Respectability won’t stop raids. It won’t stop ICE. It won’t stop Marines on our streets. And it won’t save you from a government that moves without permission or a dress code. Because the truth is, they’re kidnapping people and calling them criminals.
Tell me: what kind of “hardened criminal” shows up to work every day?
Due process was supposed to be guaranteed — no matter your status or what uniform the detainer wears. But in Trump’s America, those protections are being snatched away before our eyes. Folks are being detained while getting groceries, heading to work, picking up their kids, and treated like they’ve already been convicted.
How do you expect people to act when their neighbors are disappearing, when the powers that be care more about protecting property than protecting people? You’re lucky all we want is equity and not revenge.

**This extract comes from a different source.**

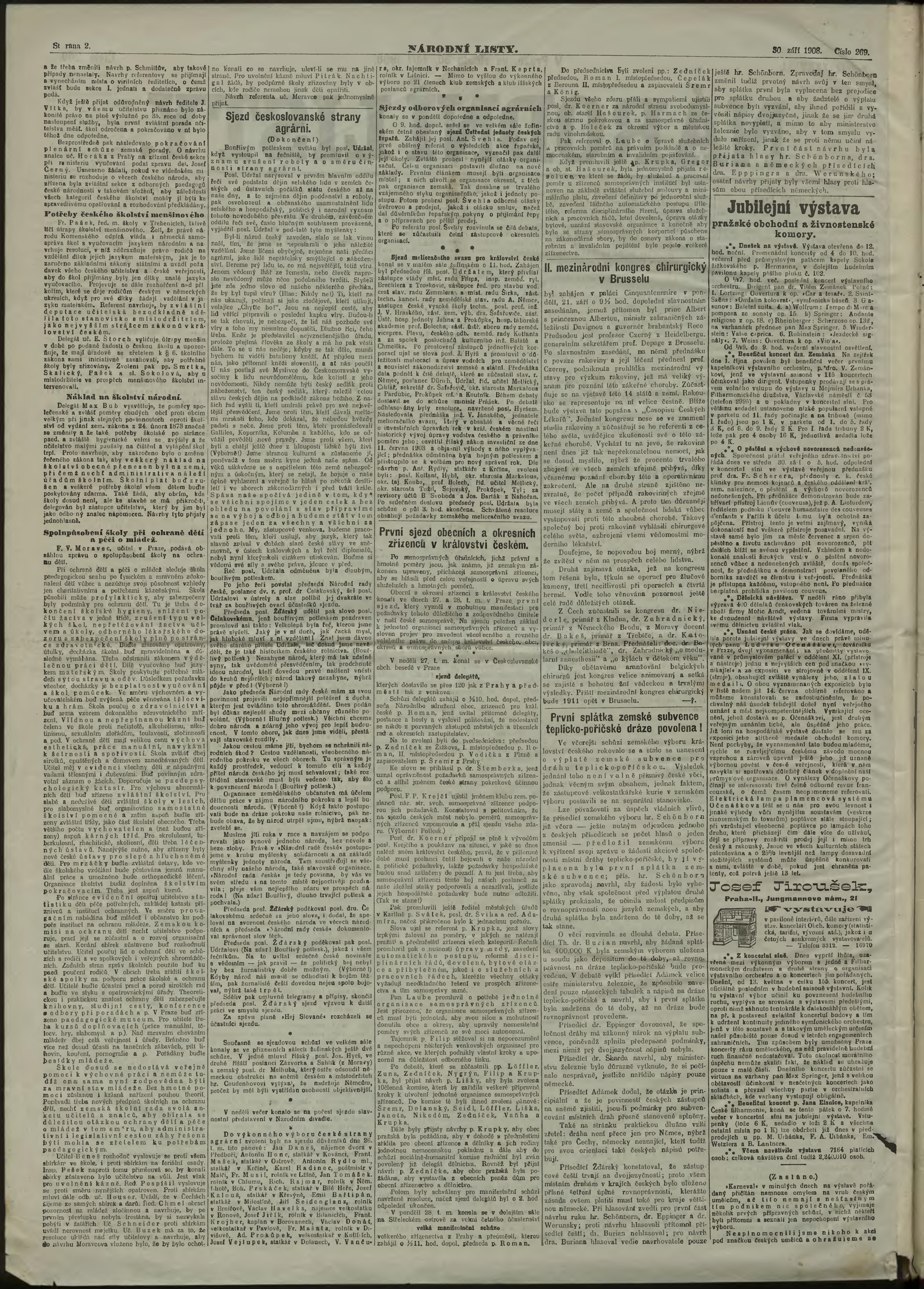 * Datum vydání výtisku: 30.9.1908 Číslo výtisku: 269 Poznámky k výtisku: ranní vydání;

While people are vanishing and being detained, the media is distracted. Trump is literally and figuratively losing his grip, facing legal trouble, rambling through press conferences, and making desperate power grabs. The GOP is trying to cut Medicare, Medicaid, food stamps, and cash aid for millions of people, just so billionaires can build phallic-shaped spaceships that don’t even make it to space. Just like the Wizard of Oz, he’s a doddering old fool screaming into a mic, hoping we won’t look behind the curtain.
But we see you, Donnie. And we’re paying attention. We’re not waiting. We’re not asking. We’re moving.
This is the moment to choose:
Silence or solidarity.
Appeasement or action.
Survival or liberation.
Don’t just watch. Organize. Share. Show up. Stay informed.
Follow grassroots organizers in your city. Hold elected officials accountable—all of them. And vote like your neighbors’ freedom depends on it. Because proximity to whiteness won’t protect you, but collective power will.